* _WORK REQUIRED_
Please write the listing below out again exactly, leaving every picture behind.

* _EXERCISE DATA_
======

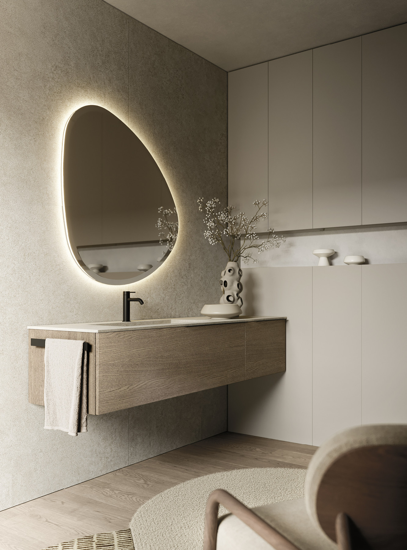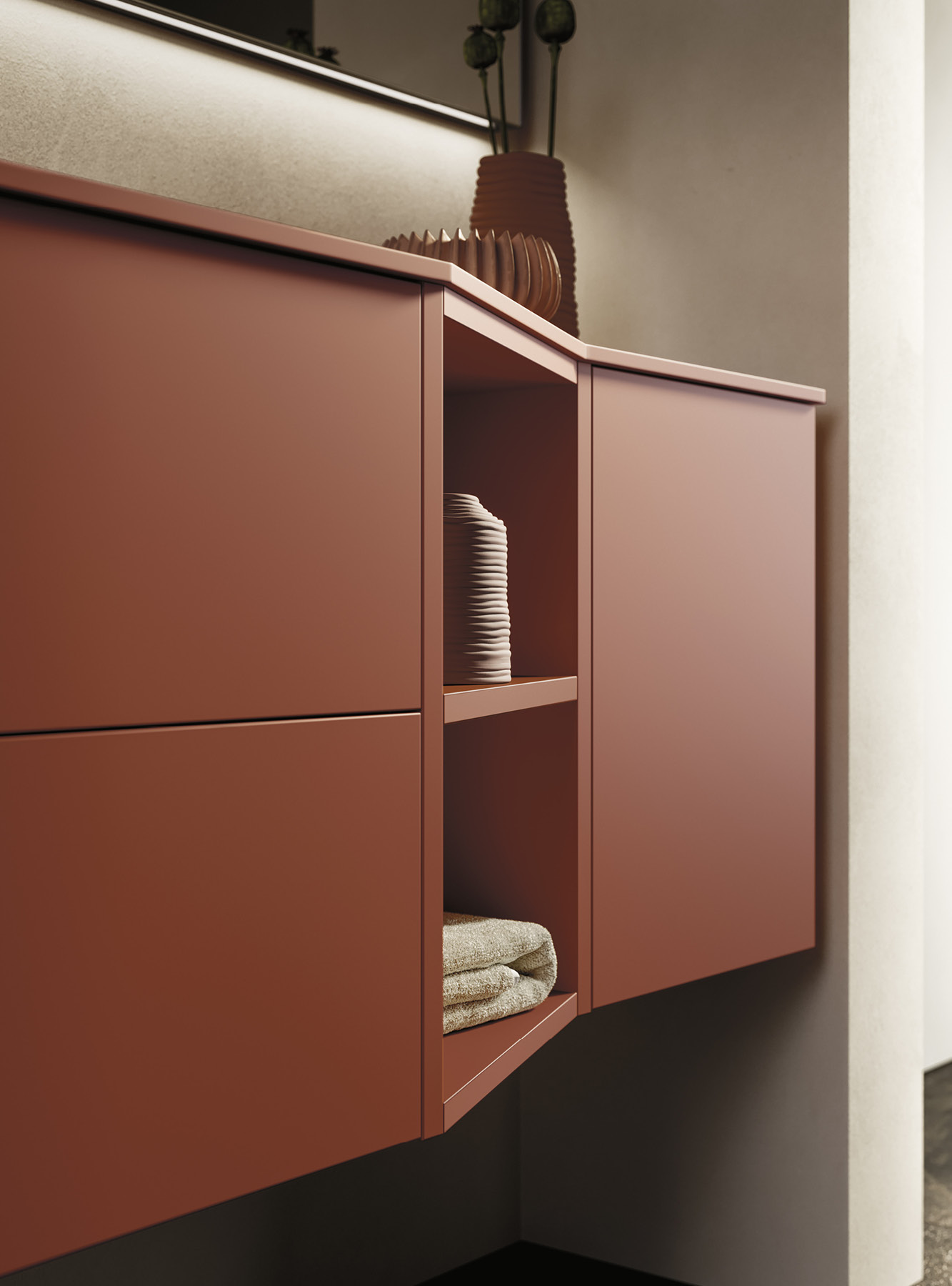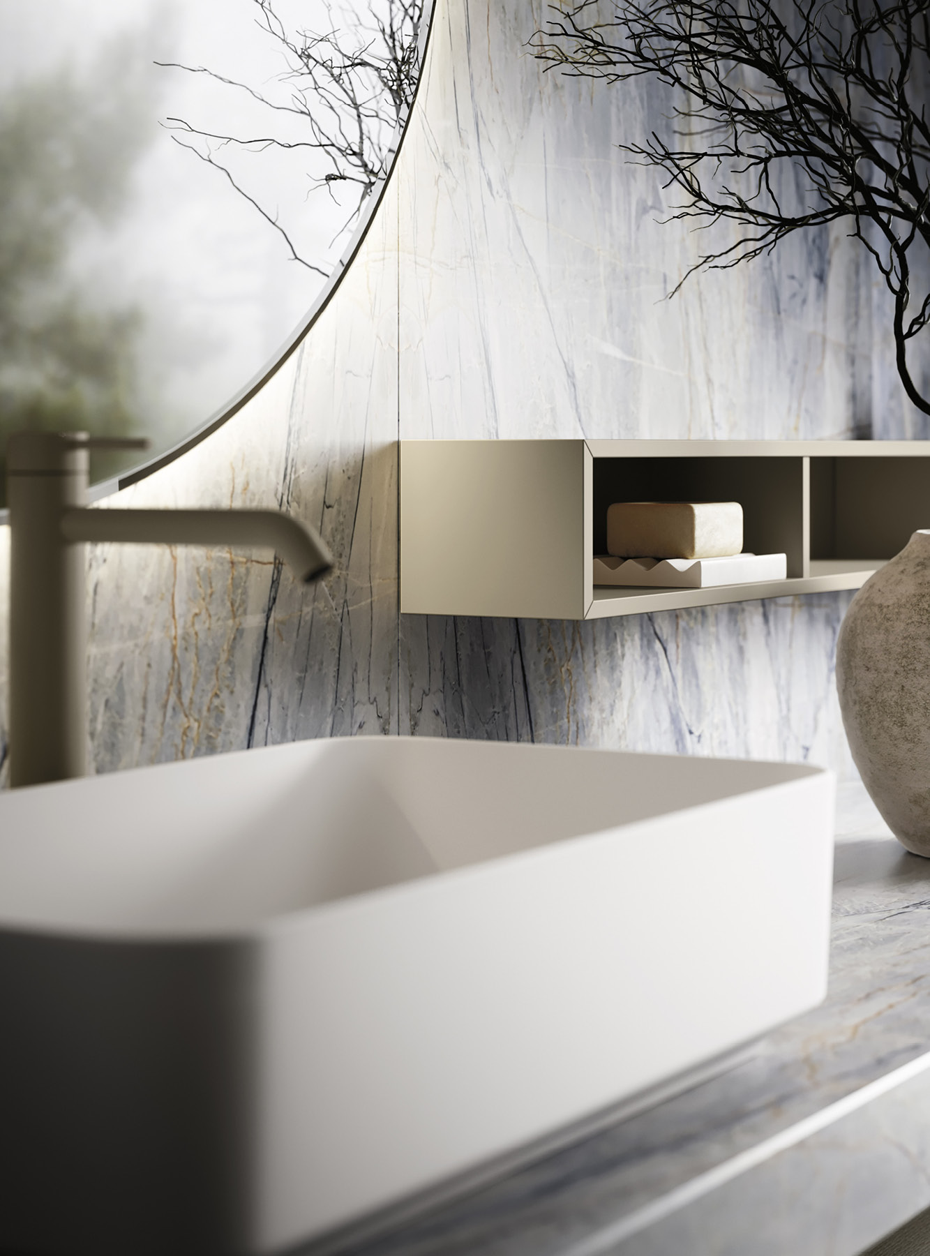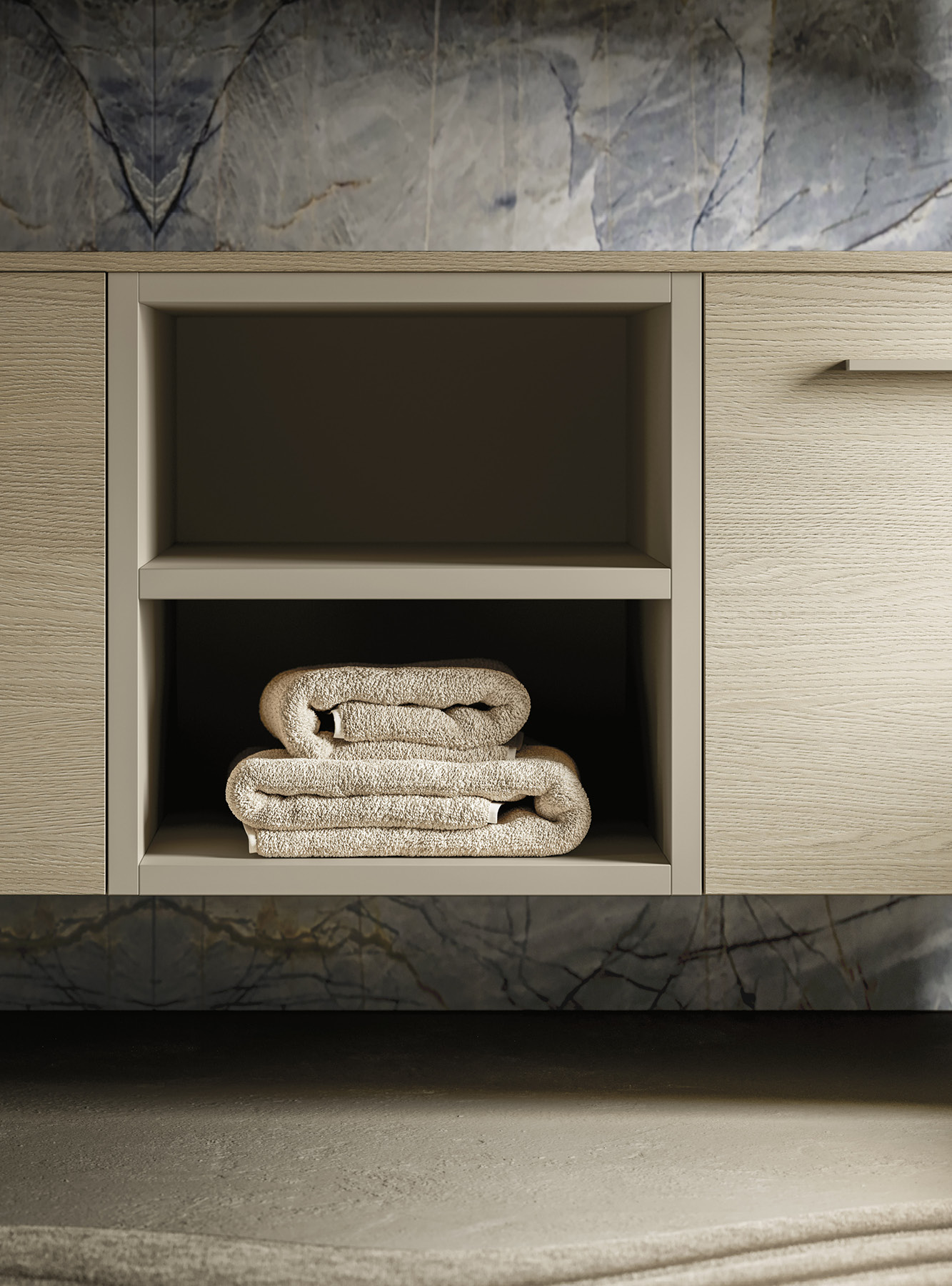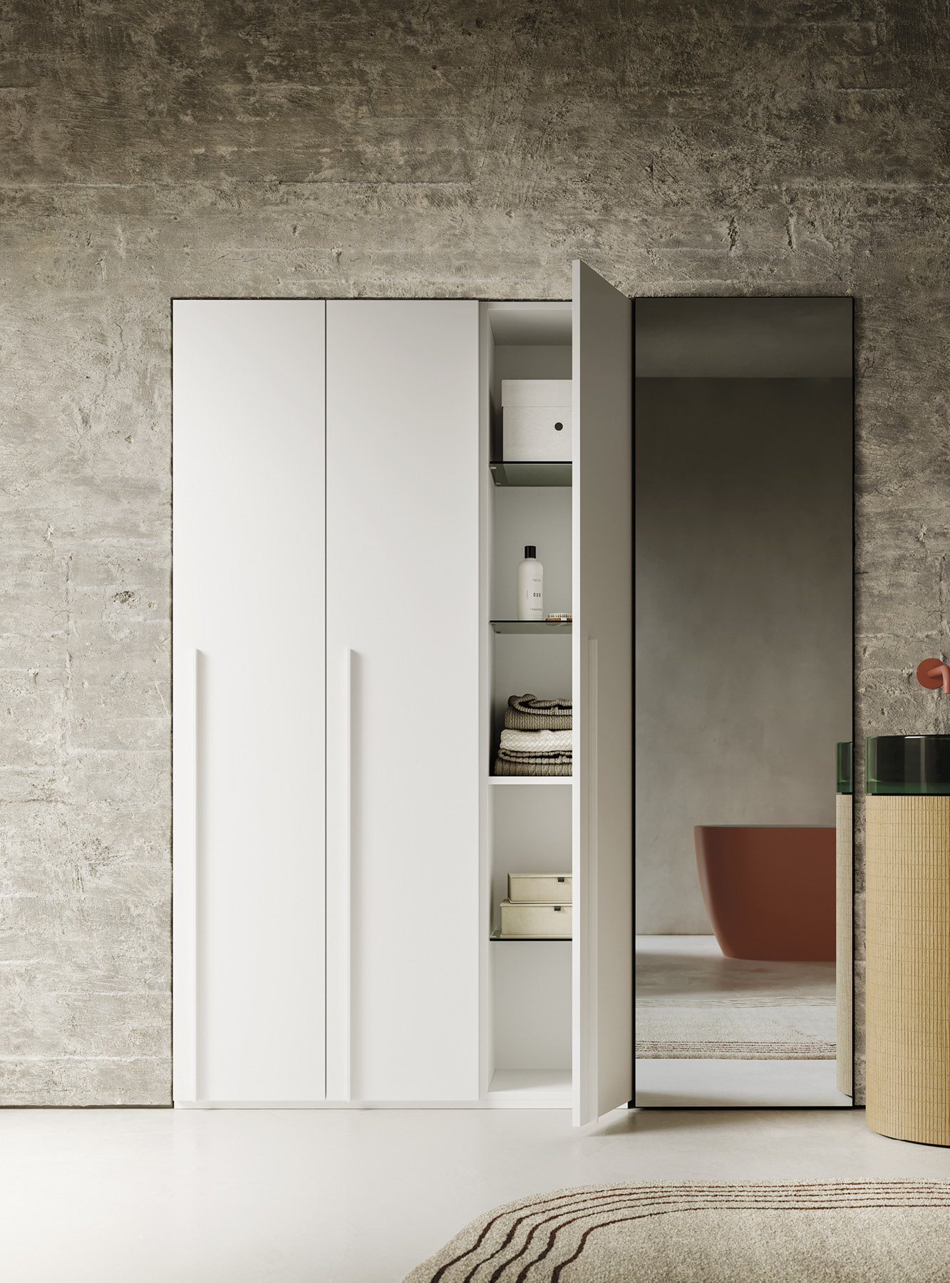 La collection d’ameublement de salle de bain Sky exprime l’essentialité et l’élégance grâce aux meubles de salle de bain modernes et de design, aux lignes droites et sophistiquées. Un projet où rationalité et esthétique coïncident et sont représentées dans de savantes compositions de matériaux et de volumes, expression d’une profonde culture de l’ameublement. Sky, depuis toujours caractérisé par la porte lisse, agrandit sa collection et est maintenant disponible en quatre nouvelles versions « spéciales », Sky U, Sky Gola, Sky Ondina et Sky Pregiati, en meublant différentes salles de bain avec une harmonie raffinée.
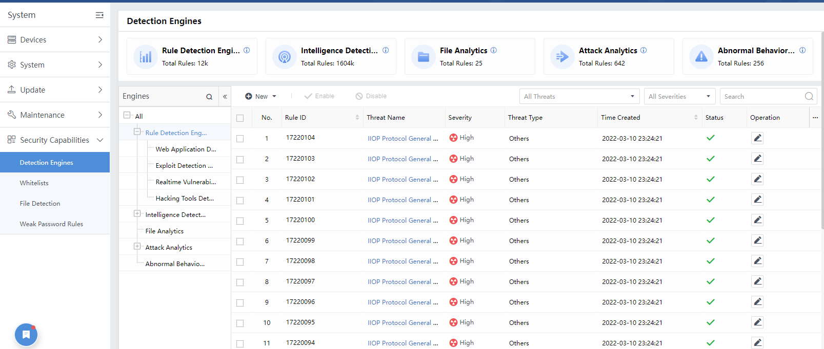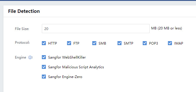 The administrator can adjust the file detection settings, including file analysis size (maximum 20MB), recognized protocol type, selected detection engine, etc., as shown in the following figure.
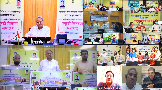 मुख्यमंत्री श्री अशोक गहलोत ने शुक्रवार को मुख्यमंत्री निवास से वीडियो कॉन्फ्रेंस से आयोजित कालीबाई भील मेधावी छात्रा स्कूटी योजना के शुभारंभ समारोह के दौरान स्कूटी प्राप्त करने वाली लाभार्थी छात्राओं से संवाद कर रहे थे। उन्होंने छात्राओं से उनकी पढ़ाई, परिवार की स्थिति, करिअर के लक्ष्य पर चर्चा की तथा बालिका शिक्षा को प्रोत्साहन देने के लिए शुरू की गई योजनाओं पर फीडबैक लिया। उन्होंने उच्च शिक्षा विभाग के अधिकारियों, जिला कलक्टरों और कॉलेज प्राचार्यों को निर्देश दिए कि विद्यार्थियों के लिए शुरू की गई सभी योजनाओं का लाभ जरूरतमंद एवं पात्र छात्र-छात्राओं तक पहुंचाना सुनिश्चित करें।
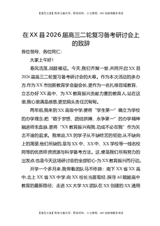 在XX县2026届高三二轮复习备考研讨会上的致辞.docx

======

* _RESPONSE FOR THIS EXERCISE_
 La collection d’ameublement de salle de bain Sky exprime l’essentialité et l’élégance grâce aux meubles de salle de bain modernes et de design, aux lignes droites et sophistiquées. Un projet où rationalité et esthétique coïncident et sont représentées dans de savantes compositions de matériaux et de volumes, expression d’une profonde culture de l’ameublement. Sky, depuis toujours caractérisé par la porte lisse, agrandit sa collection et est maintenant disponible en quatre nouvelles versions « spéciales », Sky U, Sky Gola, Sky Ondina et Sky Pregiati, en meublant différentes salles de bain avec une harmonie raffinée.
 The administrator can adjust the file detection settings, including file analysis size (maximum 20MB), recognized protocol type, selected detection engine, etc., as shown in the following figure.
 मुख्यमंत्री श्री अशोक गहलोत ने शुक्रवार को मुख्यमंत्री निवास से वीडियो कॉन्फ्रेंस से आयोजित कालीबाई भील मेधावी छात्रा स्कूटी योजना के शुभारंभ समारोह के दौरान स्कूटी प्राप्त करने वाली लाभार्थी छात्राओं से संवाद कर रहे थे। उन्होंने छात्राओं से उनकी पढ़ाई, परिवार की स्थिति, करिअर के लक्ष्य पर चर्चा की तथा बालिका शिक्षा को प्रोत्साहन देने के लिए शुरू की गई योजनाओं पर फीडबैक लिया। उन्होंने उच्च शिक्षा विभाग के अधिकारियों, जिला कलक्टरों और कॉलेज प्राचार्यों को निर्देश दिए कि विद्यार्थियों के लिए शुरू की गई सभी योजनाओं का लाभ जरूरतमंद एवं पात्र छात्र-छात्राओं तक पहुंचाना सुनिश्चित करें।
 在XX县2026届高三二轮复习备考研讨会上的致辞.docx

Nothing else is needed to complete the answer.